◆ **TASK BRIEF**
Copy all entries without alteration and skip the pictures they hold.

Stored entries
#####

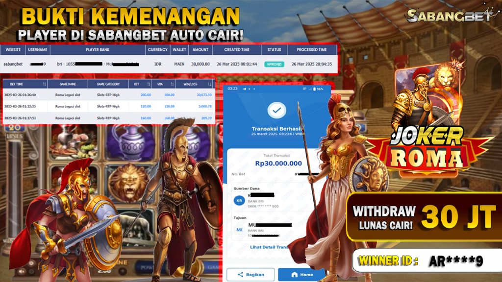 BUKTI KEMENANGAN 26 MARET 2025 DI GAME ROMA LEGACY SLOT WD 30 JUTA
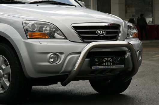 Передняя решетка Kia Sorento (кенгурятник) – это защитная дуга на бампер из нержавеющей стали диаметром 76 мм.
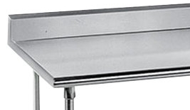 The 30" x 48" sound-deadened top shelf is made from 16-gauge, type 430 stainless steel and supports approximately 400 lb. of evenly distributed weight. It features an easy-to-clean rolled front, and the sides of the table are squared off for flush placement against walls or other tables. To support the weight on top and maintain a level work surface, this work table is engineered with two reinforcing hat channels. Additionally, this table has a 5" backsplash to protect your walls from water, grease, and food debris.
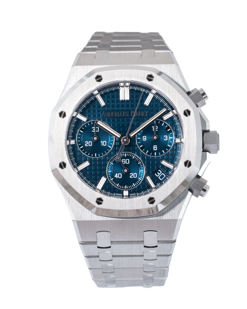 brand: Audemars Piguet Reference: 26240ST.OO.1320ST.05 Model: Royal Oak Chronograph case MATERIAL: Steel strap: Bracelet case Size (MM): 41mm Dial colour: Blue Bezel: Steel Year: 09/2025 Condition: Unworn Box papers : Paperwork/box
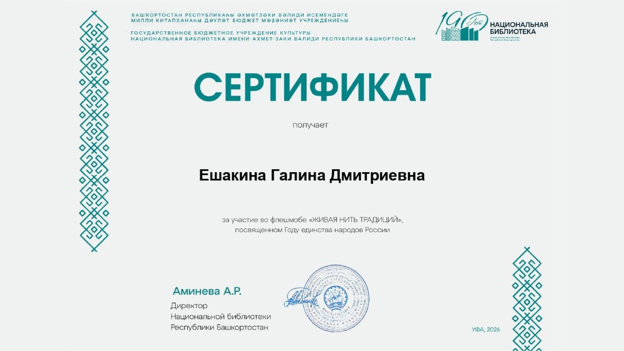 В честь Года единства народов России стартовал всероссийский видео-флешмоб «Живая нить традиции». Этот замечательный проект призван объединить всех нас через сохранение и популяризацию богатого культурного наследия нашей страны. С большим энтузиазмом к этой инициативе присоединилась Галина Ешакина, активный читатель Наумовской библиотеки!
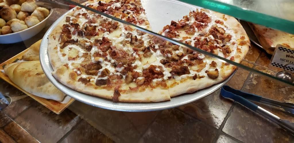 These guys work hard and fast. It is the busiest pizzeria in town and the lines may sometimes get long but your order will always be ready in a good amount of time. The pizza is of amazing quality, one of the best in town. I always get the chicken pizza, just a mouth full of flavor in every bite. There is plenty of parking because it is in the plaza. Parking is free and handicap parking is no more than 8 feet from the restaurant. I have never dinned in but I've always done take out, never had a complaint about anything. Very nice staff and respectful. If you are going to eat pizza anywhere in town, eat here. Take my word for it. And if you love chicken parm sandwiches, well... you're going to really love theirs, I always ask for extra sauce on the side because I like a lot of sauce in mine.
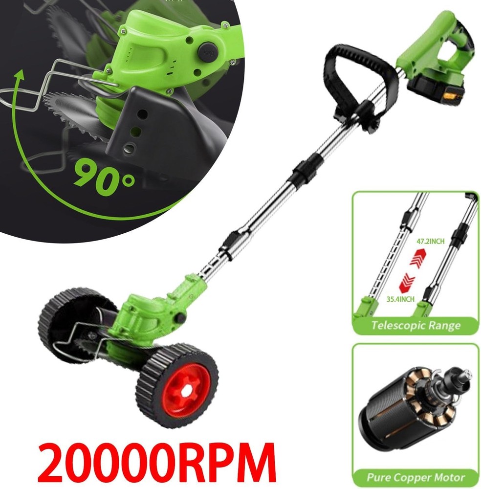 Product Description About this item ✂️【3 In 1 Garden Strimmer Cordless】3-In-1 Grass Strimmer/Edge Trimmer/Brush cutter, Features low noise, waterproof and easy to clean, very suitable for lawn trimming, weed removal, gardening pruning, etc. Grass Trimmers with 850W high power pure copper motor, 20000 rpm no-load speed, with a superior run-time to ensure smooth mowing, allowing you to complete the garden lawn weeding work easily. 🌳【Multi-Function Brush Cutter Blades】The strimmer cordless has three blades that can easily cope with various situations. ① The nylon blade acts like a heavy-duty rope and is ideal for soft grass; ② The metal blade is great for trimming weeds, reeds, etc.; ③ The manganese steel circular saw blade is used to cut small shrubs and branches. The garden strimmer plastic blade is suitable for trimming young grass. If your garden grass is thicker, you can simply use the metal blade. 🔩【Adjustable Height & Flexible Trimming】The cordless grass trimmers battery operated has an adjustable telescopic pole that can adjust the length from 33 to 47 inches. Provide the required length for all people without bending over. 90° Head Rotation, allowing you to care for every corner and cranny easily. It is an efficient and reliable grass cutter for keeping lawns, paths, and flower beds clean, as well as for mowing lush grass brushes for yards or gardens. 🌿【Lightweight Design】Cordless lawn mower with removable wheels. The weeding work can be achieved by pushing the grass trimmer after installing the wheels. It can save a lot of effort when using it to achieve the effect of easy weeding. With the wheels removed, adjust the angle of the grass trimmer head to easily cut corners and edge weeds. An ergonomic soft handle improves comfort and control. Ideal for trimming around yards and bushes. Low noise and vibration ideal for use in residential areas ⚙️【Safe & Comfortable Design】The electric lawn trimmer with double safety button design, you need to press the safety lock and trigger at the same time to start the battery strimmer, preventing accidental activation, especially by children. Anti-collision iron bars don't fear damage when they touch hard stones or walls. Its rotating baffle prevents water splashes during weeding. Gloves and glasses are also included to protect your hands and eyes. 🔋【Cordless Strimmer with Battery and Charger】 This Lawn Trimmer Weed Wacker is equipped with a 2 x 2000mAh lithium battery, which can be used Use about 90-150 minutes(charging time: 2-3 hours), effectively solving the problem of short battery life. Two batteries can be replaced, so you don't need to wait to charge when gardening. Please fully charge it before first use to get the expected working time. 📧【Warm Tip】Please fully charge the battery before using the strimmer for the first time to provide a better user experience. This product requires you to install the blades and other accessories yourself. Before starting the weed eater, tighten the nuts that hold the blades in place and install the entire machine correctly. 21V Cordless Strimmer Grass Trimmer with 20000 RPM and 850W Motor Garden Strimmer Cordless with 2 * 2.0Ah Batteries is the Perfect Partner for all Your Garden & Lawn Care Needs If you're overwhelmed by an overgrown garden, don't worry Our Cordless Lawn Trimmer Weed Wacker is designed for cutting private lawns and small areas of grass. It can also be used to trim the edges of lawns and flowerbeds helping you to solve the gardening labor easily! This cordless mower has many advantages over traditional mowers. First of all, it is cordless, making it easier for you to use, and you no longer have to worry about the cord not being long enough or out of reach. Secondly, it is equipped with 2*2.0Ah battery, which increases the working time by 20% compared with the traditional lawn mowers, saving your energy and effort. 21v Lawn Mower Grass Cutter Machine with a double safety button design, you need to press the safety lock and trigger at the same time to start the brush cutter, ensuring your safety. The angle of the machine head rotation 0-90° is freely adjustable at will to ensure that it can be suitable for most complex working environments. Ergonomically designed handle for long hours of work without feeling tired. This garden strimmer is versatile and can be used for gardening, park landscaping, mowing gardens, and lawn mowing Product attributes: Material: aluminum + plastic Color: black + green Voltage: 21V Battery capacity: 2000mah Speed: 20000 U/min Power: 850W Telescopic tube: 90cm/35.4 inches ~120cm/47.2 inches Circular blade diameter: 15 cm/5.9 inches Straight blade diameter: 14.6 cm/5.74 inches Power type: 2 lithium batteries No-load running time: 90-150 minutes Product List: 1 x Lawn mower 2 x Batteries 2 x Rectangular alloy saw blades 2 x Circular alloy saw blades 5 x Plastic saw blades 2 x Detachable wheels 1 x Baffle 1 x Wrench 1 x Charger 1 x User Manual

#####

◆ **TASK ANSWER**
 BUKTI KEMENANGAN 26 MARET 2025 DI GAME ROMA LEGACY SLOT WD 30 JUTA
 Передняя решетка Kia Sorento (кенгурятник) – это защитная дуга на бампер из нержавеющей стали диаметром 76 мм.
 The 30" x 48" sound-deadened top shelf is made from 16-gauge, type 430 stainless steel and supports approximately 400 lb. of evenly distributed weight. It features an easy-to-clean rolled front, and the sides of the table are squared off for flush placement against walls or other tables. To support the weight on top and maintain a level work surface, this work table is engineered with two reinforcing hat channels. Additionally, this table has a 5" backsplash to protect your walls from water, grease, and food debris.
 brand: Audemars Piguet Reference: 26240ST.OO.1320ST.05 Model: Royal Oak Chronograph case MATERIAL: Steel strap: Bracelet case Size (MM): 41mm Dial colour: Blue Bezel: Steel Year: 09/2025 Condition: Unworn Box papers : Paperwork/box
 В честь Года единства народов России стартовал всероссийский видео-флешмоб «Живая нить традиции». Этот замечательный проект призван объединить всех нас через сохранение и популяризацию богатого культурного наследия нашей страны. С большим энтузиазмом к этой инициативе присоединилась Галина Ешакина, активный читатель Наумовской библиотеки!
 These guys work hard and fast. It is the busiest pizzeria in town and the lines may sometimes get long but your order will always be ready in a good amount of time. The pizza is of amazing quality, one of the best in town. I always get the chicken pizza, just a mouth full of flavor in every bite. There is plenty of parking because it is in the plaza. Parking is free and handicap parking is no more than 8 feet from the restaurant. I have never dinned in but I've always done take out, never had a complaint about anything. Very nice staff and respectful. If you are going to eat pizza anywhere in town, eat here. Take my word for it. And if you love chicken parm sandwiches, well... you're going to really love theirs, I always ask for extra sauce on the side because I like a lot of sauce in mine.
 Product Description About this item ✂️【3 In 1 Garden Strimmer Cordless】3-In-1 Grass Strimmer/Edge Trimmer/Brush cutter, Features low noise, waterproof and easy to clean, very suitable for lawn trimming, weed removal, gardening pruning, etc. Grass Trimmers with 850W high power pure copper motor, 20000 rpm no-load speed, with a superior run-time to ensure smooth mowing, allowing you to complete the garden lawn weeding work easily. 🌳【Multi-Function Brush Cutter Blades】The strimmer cordless has three blades that can easily cope with various situations. ① The nylon blade acts like a heavy-duty rope and is ideal for soft grass; ② The metal blade is great for trimming weeds, reeds, etc.; ③ The manganese steel circular saw blade is used to cut small shrubs and branches. The garden strimmer plastic blade is suitable for trimming young grass. If your garden grass is thicker, you can simply use the metal blade. 🔩【Adjustable Height & Flexible Trimming】The cordless grass trimmers battery operated has an adjustable telescopic pole that can adjust the length from 33 to 47 inches. Provide the required length for all people without bending over. 90° Head Rotation, allowing you to care for every corner and cranny easily. It is an efficient and reliable grass cutter for keeping lawns, paths, and flower beds clean, as well as for mowing lush grass brushes for yards or gardens. 🌿【Lightweight Design】Cordless lawn mower with removable wheels. The weeding work can be achieved by pushing the grass trimmer after installing the wheels. It can save a lot of effort when using it to achieve the effect of easy weeding. With the wheels removed, adjust the angle of the grass trimmer head to easily cut corners and edge weeds. An ergonomic soft handle improves comfort and control. Ideal for trimming around yards and bushes. Low noise and vibration ideal for use in residential areas ⚙️【Safe & Comfortable Design】The electric lawn trimmer with double safety button design, you need to press the safety lock and trigger at the same time to start the battery strimmer, preventing accidental activation, especially by children. Anti-collision iron bars don't fear damage when they touch hard stones or walls. Its rotating baffle prevents water splashes during weeding. Gloves and glasses are also included to protect your hands and eyes. 🔋【Cordless Strimmer with Battery and Charger】 This Lawn Trimmer Weed Wacker is equipped with a 2 x 2000mAh lithium battery, which can be used Use about 90-150 minutes(charging time: 2-3 hours), effectively solving the problem of short battery life. Two batteries can be replaced, so you don't need to wait to charge when gardening. Please fully charge it before first use to get the expected working time. 📧【Warm Tip】Please fully charge the battery before using the strimmer for the first time to provide a better user experience. This product requires you to install the blades and other accessories yourself. Before starting the weed eater, tighten the nuts that hold the blades in place and install the entire machine correctly. 21V Cordless Strimmer Grass Trimmer with 20000 RPM and 850W Motor Garden Strimmer Cordless with 2 * 2.0Ah Batteries is the Perfect Partner for all Your Garden & Lawn Care Needs If you're overwhelmed by an overgrown garden, don't worry Our Cordless Lawn Trimmer Weed Wacker is designed for cutting private lawns and small areas of grass. It can also be used to trim the edges of lawns and flowerbeds helping you to solve the gardening labor easily! This cordless mower has many advantages over traditional mowers. First of all, it is cordless, making it easier for you to use, and you no longer have to worry about the cord not being long enough or out of reach. Secondly, it is equipped with 2*2.0Ah battery, which increases the working time by 20% compared with the traditional lawn mowers, saving your energy and effort. 21v Lawn Mower Grass Cutter Machine with a double safety button design, you need to press the safety lock and trigger at the same time to start the brush cutter, ensuring your safety. The angle of the machine head rotation 0-90° is freely adjustable at will to ensure that it can be suitable for most complex working environments. Ergonomically designed handle for long hours of work without feeling tired. This garden strimmer is versatile and can be used for gardening, park landscaping, mowing gardens, and lawn mowing Product attributes: Material: aluminum + plastic Color: black + green Voltage: 21V Battery capacity: 2000mah Speed: 20000 U/min Power: 850W Telescopic tube: 90cm/35.4 inches ~120cm/47.2 inches Circular blade diameter: 15 cm/5.9 inches Straight blade diameter: 14.6 cm/5.74 inches Power type: 2 lithium batteries No-load running time: 90-150 minutes Product List: 1 x Lawn mower 2 x Batteries 2 x Rectangular alloy saw blades 2 x Circular alloy saw blades 5 x Plastic saw blades 2 x Detachable wheels 1 x Baffle 1 x Wrench 1 x Charger 1 x User Manual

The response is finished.